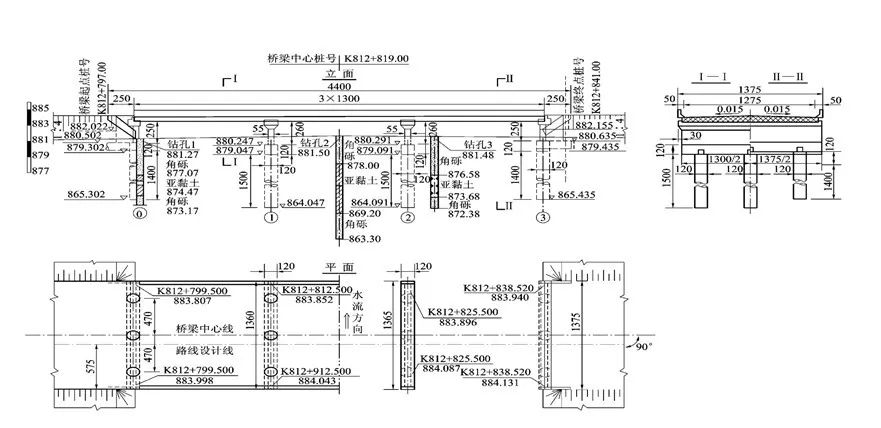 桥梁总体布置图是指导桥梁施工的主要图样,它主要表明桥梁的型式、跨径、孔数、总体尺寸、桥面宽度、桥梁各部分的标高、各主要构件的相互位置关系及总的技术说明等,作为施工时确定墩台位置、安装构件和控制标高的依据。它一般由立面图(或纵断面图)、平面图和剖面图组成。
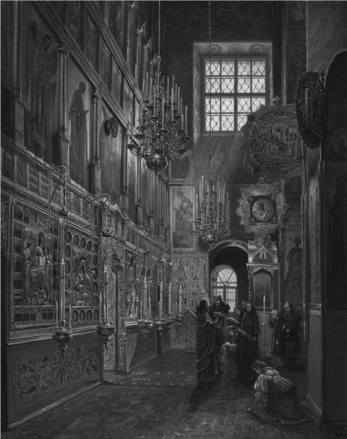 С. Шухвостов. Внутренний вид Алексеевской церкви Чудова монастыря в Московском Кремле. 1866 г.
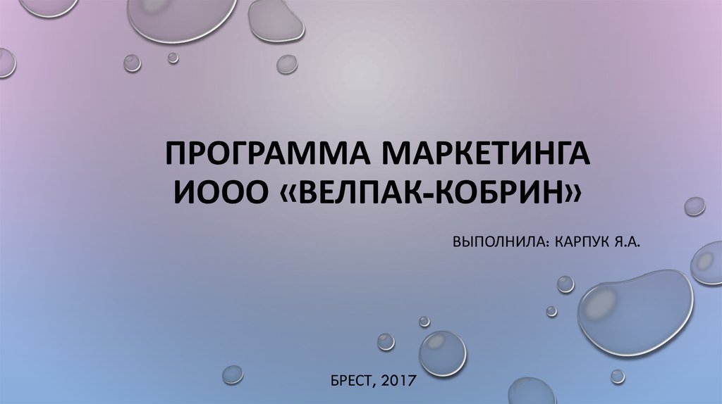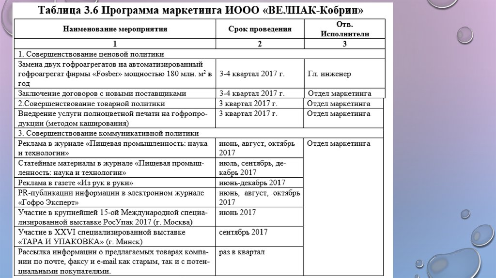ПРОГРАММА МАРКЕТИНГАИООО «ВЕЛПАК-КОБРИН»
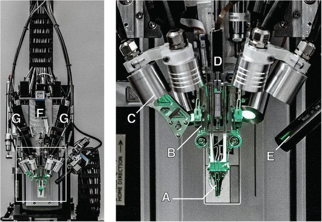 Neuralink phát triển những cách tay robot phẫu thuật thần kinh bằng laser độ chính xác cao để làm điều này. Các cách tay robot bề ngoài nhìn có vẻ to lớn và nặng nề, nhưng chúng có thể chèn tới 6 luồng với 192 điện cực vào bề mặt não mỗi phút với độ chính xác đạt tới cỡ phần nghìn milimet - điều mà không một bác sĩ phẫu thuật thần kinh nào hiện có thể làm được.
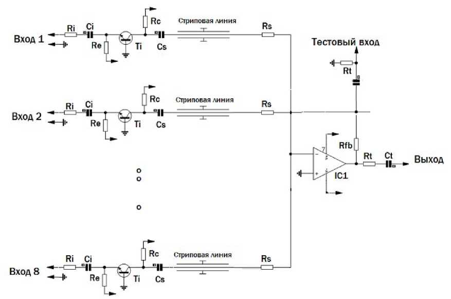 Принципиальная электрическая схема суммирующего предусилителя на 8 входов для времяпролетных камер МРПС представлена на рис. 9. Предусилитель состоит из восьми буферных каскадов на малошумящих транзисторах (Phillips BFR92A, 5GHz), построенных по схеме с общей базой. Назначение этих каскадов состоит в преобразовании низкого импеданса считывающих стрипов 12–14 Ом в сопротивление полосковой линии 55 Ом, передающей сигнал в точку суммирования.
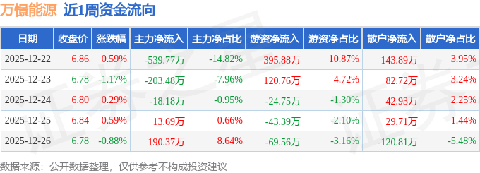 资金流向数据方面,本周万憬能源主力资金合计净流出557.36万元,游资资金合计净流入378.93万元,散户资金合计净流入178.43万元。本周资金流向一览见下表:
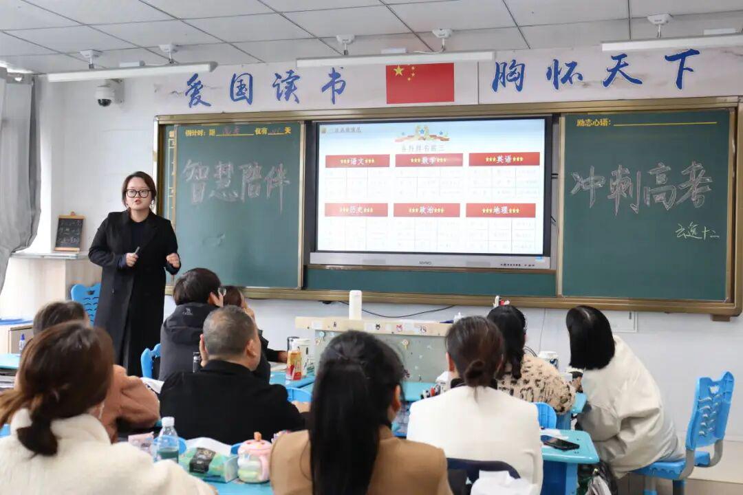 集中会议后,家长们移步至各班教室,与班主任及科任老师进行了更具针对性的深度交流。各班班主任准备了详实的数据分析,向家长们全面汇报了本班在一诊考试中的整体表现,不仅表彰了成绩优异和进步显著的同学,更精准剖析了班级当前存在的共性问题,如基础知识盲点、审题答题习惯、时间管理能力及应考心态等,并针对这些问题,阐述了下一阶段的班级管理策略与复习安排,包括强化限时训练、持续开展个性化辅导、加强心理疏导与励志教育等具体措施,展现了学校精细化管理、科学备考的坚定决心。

INSTRUCTIONS FOR THE TASK:
Each entry above has to be set down again verbatim, except for its pictures.

RESULT OF THE TASK:
 桥梁总体布置图是指导桥梁施工的主要图样,它主要表明桥梁的型式、跨径、孔数、总体尺寸、桥面宽度、桥梁各部分的标高、各主要构件的相互位置关系及总的技术说明等,作为施工时确定墩台位置、安装构件和控制标高的依据。它一般由立面图(或纵断面图)、平面图和剖面图组成。
 С. Шухвостов. Внутренний вид Алексеевской церкви Чудова монастыря в Московском Кремле. 1866 г.
ПРОГРАММА МАРКЕТИНГАИООО «ВЕЛПАК-КОБРИН»
 Neuralink phát triển những cách tay robot phẫu thuật thần kinh bằng laser độ chính xác cao để làm điều này. Các cách tay robot bề ngoài nhìn có vẻ to lớn và nặng nề, nhưng chúng có thể chèn tới 6 luồng với 192 điện cực vào bề mặt não mỗi phút với độ chính xác đạt tới cỡ phần nghìn milimet - điều mà không một bác sĩ phẫu thuật thần kinh nào hiện có thể làm được.
 Принципиальная электрическая схема суммирующего предусилителя на 8 входов для времяпролетных камер МРПС представлена на рис. 9. Предусилитель состоит из восьми буферных каскадов на малошумящих транзисторах (Phillips BFR92A, 5GHz), построенных по схеме с общей базой. Назначение этих каскадов состоит в преобразовании низкого импеданса считывающих стрипов 12–14 Ом в сопротивление полосковой линии 55 Ом, передающей сигнал в точку суммирования.
 资金流向数据方面,本周万憬能源主力资金合计净流出557.36万元,游资资金合计净流入378.93万元,散户资金合计净流入178.43万元。本周资金流向一览见下表:
 集中会议后,家长们移步至各班教室,与班主任及科任老师进行了更具针对性的深度交流。各班班主任准备了详实的数据分析,向家长们全面汇报了本班在一诊考试中的整体表现,不仅表彰了成绩优异和进步显著的同学,更精准剖析了班级当前存在的共性问题,如基础知识盲点、审题答题习惯、时间管理能力及应考心态等,并针对这些问题,阐述了下一阶段的班级管理策略与复习安排,包括强化限时训练、持续开展个性化辅导、加强心理疏导与励志教育等具体措施,展现了学校精细化管理、科学备考的坚定决心。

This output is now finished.